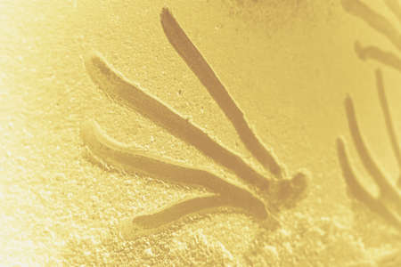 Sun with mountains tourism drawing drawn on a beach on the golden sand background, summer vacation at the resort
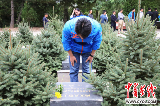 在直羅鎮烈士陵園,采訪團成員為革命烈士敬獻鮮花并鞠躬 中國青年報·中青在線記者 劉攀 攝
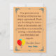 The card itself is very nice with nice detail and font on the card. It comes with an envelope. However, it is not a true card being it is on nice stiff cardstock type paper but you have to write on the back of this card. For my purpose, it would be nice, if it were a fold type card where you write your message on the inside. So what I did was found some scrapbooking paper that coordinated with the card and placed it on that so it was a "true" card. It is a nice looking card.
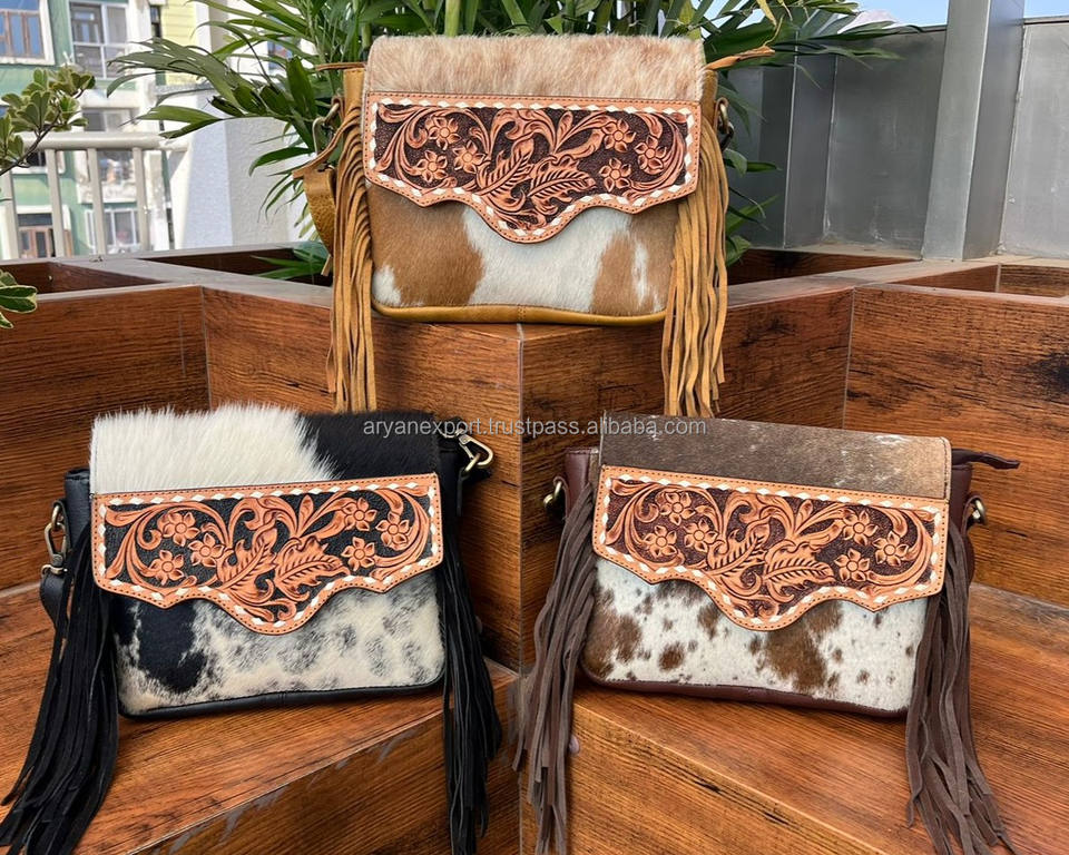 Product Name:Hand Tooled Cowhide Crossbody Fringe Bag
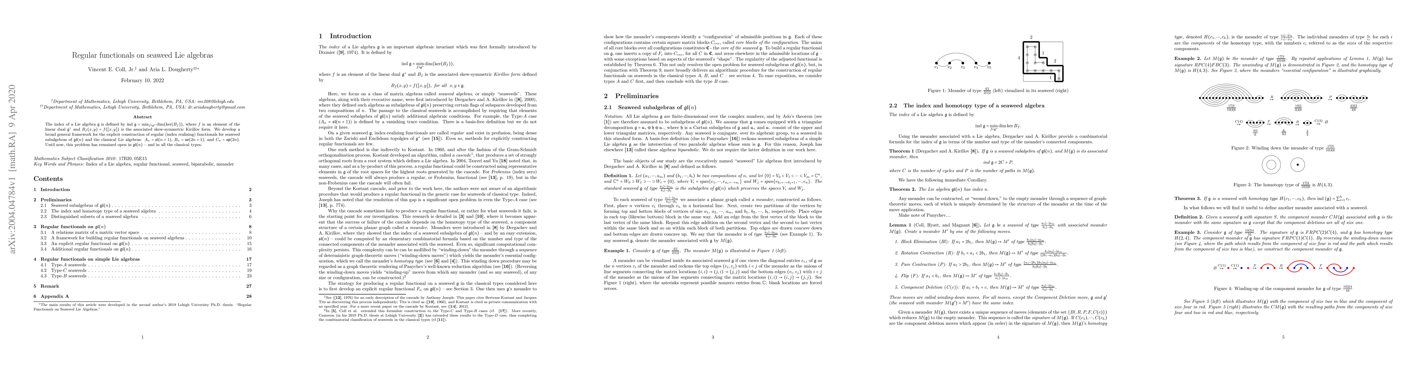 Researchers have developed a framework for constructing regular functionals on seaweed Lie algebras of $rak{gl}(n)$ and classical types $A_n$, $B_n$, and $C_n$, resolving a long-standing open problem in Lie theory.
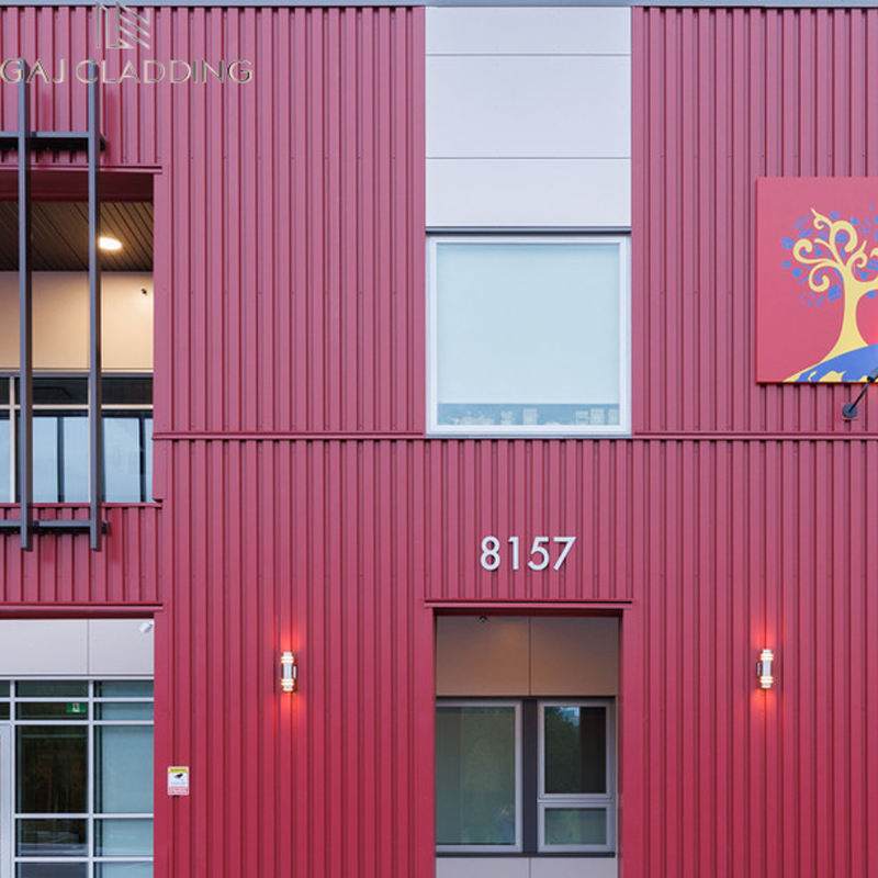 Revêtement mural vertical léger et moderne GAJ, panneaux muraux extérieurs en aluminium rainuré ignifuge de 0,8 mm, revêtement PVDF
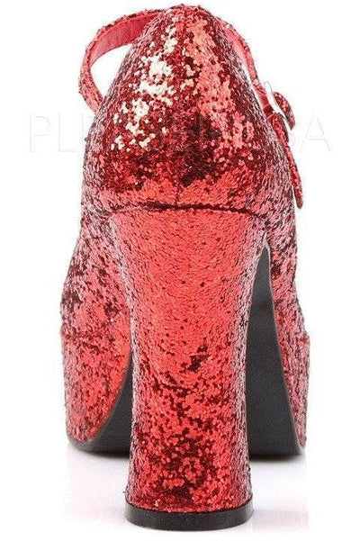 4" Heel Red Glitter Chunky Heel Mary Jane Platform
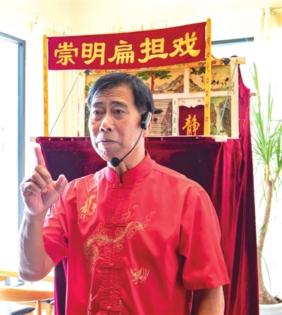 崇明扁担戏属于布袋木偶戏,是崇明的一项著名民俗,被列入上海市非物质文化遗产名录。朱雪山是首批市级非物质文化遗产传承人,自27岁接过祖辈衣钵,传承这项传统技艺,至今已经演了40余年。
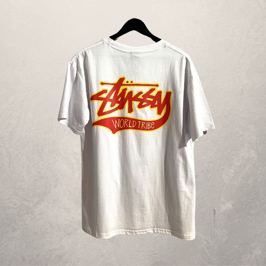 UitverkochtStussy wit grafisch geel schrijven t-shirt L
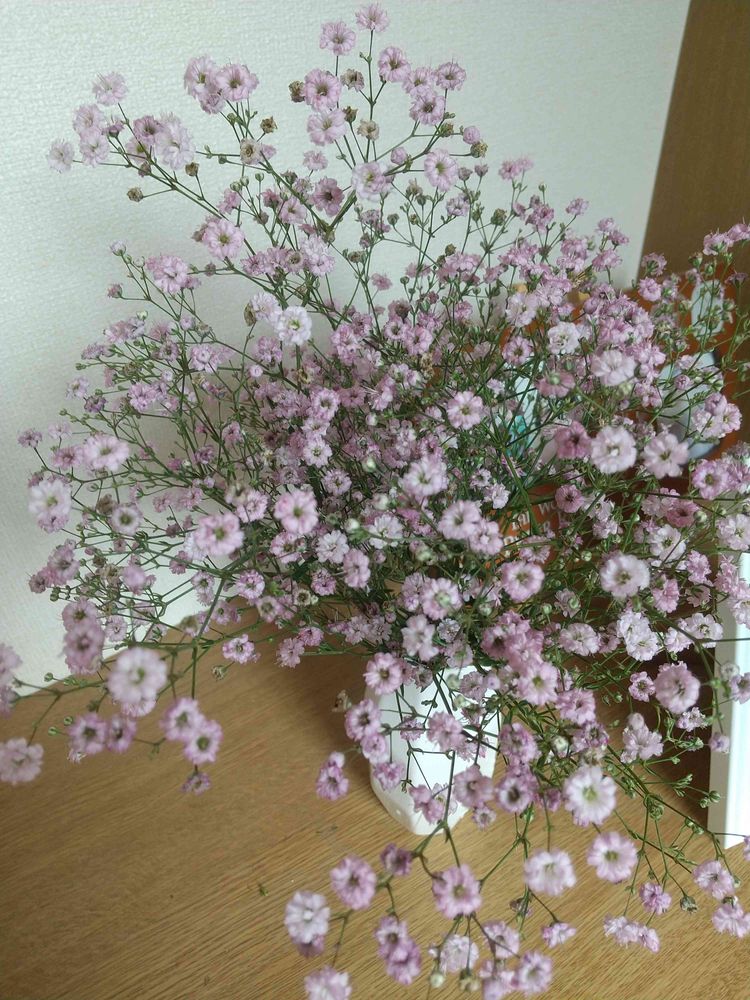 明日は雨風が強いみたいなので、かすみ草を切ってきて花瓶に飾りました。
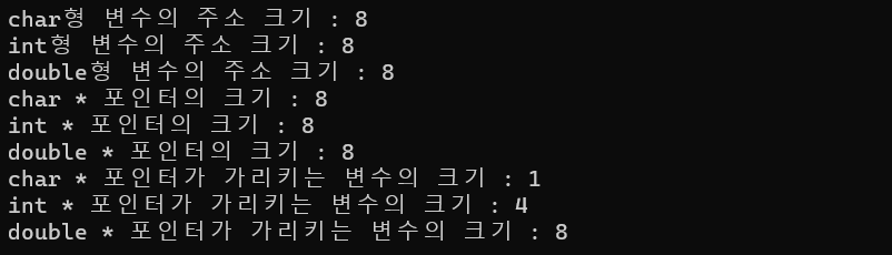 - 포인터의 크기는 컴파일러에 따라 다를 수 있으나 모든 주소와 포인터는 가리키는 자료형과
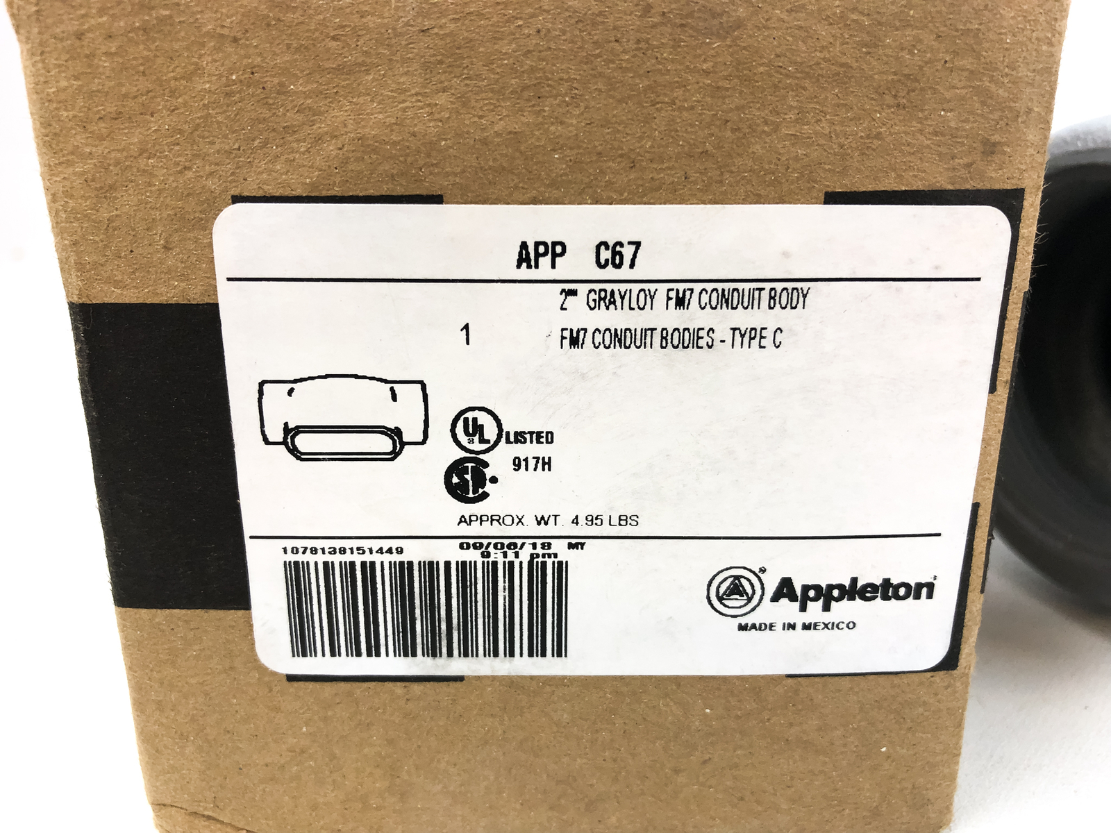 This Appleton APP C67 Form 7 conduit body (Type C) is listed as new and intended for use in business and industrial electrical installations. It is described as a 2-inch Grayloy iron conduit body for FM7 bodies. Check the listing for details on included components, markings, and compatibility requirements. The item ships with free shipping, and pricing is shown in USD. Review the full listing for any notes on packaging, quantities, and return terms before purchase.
◆ ◆ ◆
**ABOUT THIS EXERCISE:** Please print the span that begins at the line holding "UitverkochtStussy wit grafisch" and ends at the last line of the data, both ends included, with no pictures.

**WRITTEN RESPONSE:**
 UitverkochtStussy wit grafisch geel schrijven t-shirt L
 明日は雨風が強いみたいなので、かすみ草を切ってきて花瓶に飾りました。
 - 포인터의 크기는 컴파일러에 따라 다를 수 있으나 모든 주소와 포인터는 가리키는 자료형과
 This Appleton APP C67 Form 7 conduit body (Type C) is listed as new and intended for use in business and industrial electrical installations. It is described as a 2-inch Grayloy iron conduit body for FM7 bodies. Check the listing for details on included components, markings, and compatibility requirements. The item ships with free shipping, and pricing is shown in USD. Review the full listing for any notes on packaging, quantities, and return terms before purchase.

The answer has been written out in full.